When the jeep came along, she stepped politely off the road along with everybody else. “I knew then,” said Brook, “that the spirit of theatre in India was long dead.”

You see, Kali would never have stepped aside. Her stare should have been enough to send the snivelling foreigners crawling off on their bellies, praying that she would ignore their presence and pass them by. But the girl didn't believe she was Death incarnate. In fact, she knew she wasn't. And because she knew this, all the villagers and the tourists knew it too.

World building, is an essential part of all stories, including the nonfiction ones. And it won't work without belief.

On a board, far far away, there is a discussion about maps in fantasy books. One of the contributors, DB18, made the following comment: “I'm a writer first, and a worldbuilder second.” By this, I'm sure he meant something along the lines of “Character and plot and style are more important than years spent inventing languages and drawing detailed maps.” Most sane readers could have no argument with that. But, in my mind, world building is something that goes far deeper than such trappings.

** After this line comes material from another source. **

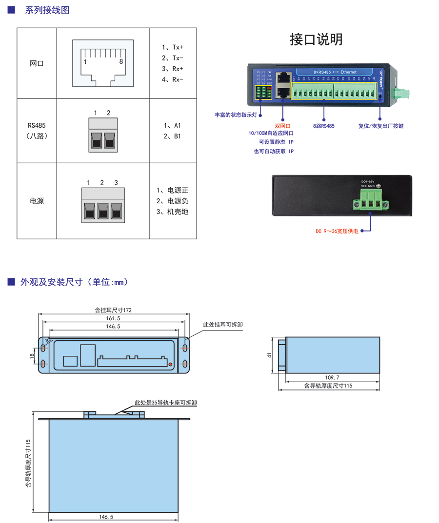雙網口,交換機功能,可以手拉手布線;

Upstairs, I have a book called, “A Thousand Splendid Suns” by Khaled Hosseini. Here is a man who grew up in Afghanistan and who has written two novels so far set in that country. World building is as fundamental to his work as it was to the writings of every fantasy author since Homer. His Afghanistan is an invented one. Not because the writer is lying to us, or trying to exaggerate, but because he has chosen what to show us, and when he made those choices, he did so from the tiny subset of knowledge about that (or any other) country that one individual can know. It doesn't matter that he lived there; it doesn't matter how much research he may have done: it is a limited recreation of the original, and its success as an illusion depends on the skill of the artist and the desire of the reader to believe.

Both writer and reader know that the world is no more real than the set of a stage play. But that's OK, because in theatre there is an agreement: the audience will ignore the fact that the King's crown is made of plastic, so long as the actor playing the part seems to feel the weight of it.

World building is all about belief. The author has to take his setting seriously. He might choose the Tolkien method, or go for a more impressionistic approach like Margo Lanagan seems to do in her short stories. He might cobble together a few off the shelf components, such as bits of European history or Chinese culture. It doesn't matter. Even if the map stops suddenly just after Mordor, there must be no indication this is the case. The author has to inhabit his own world, run simulations of it so that it makes sense and feels vast. By the time he releases his creation to the reading public, it must be robust enough that none of the characters will betray the illusion through their actions. They know it's real.

I once read a book set in ancient Rome where everybody acted as though they were 20th century New Yorkers. This was not done on purpose, I hasten to add. I didn't get further than 20 pages. I'd been hoping to spot Kali, instead it was just a bunch of peasants stinking of dung. I drove on.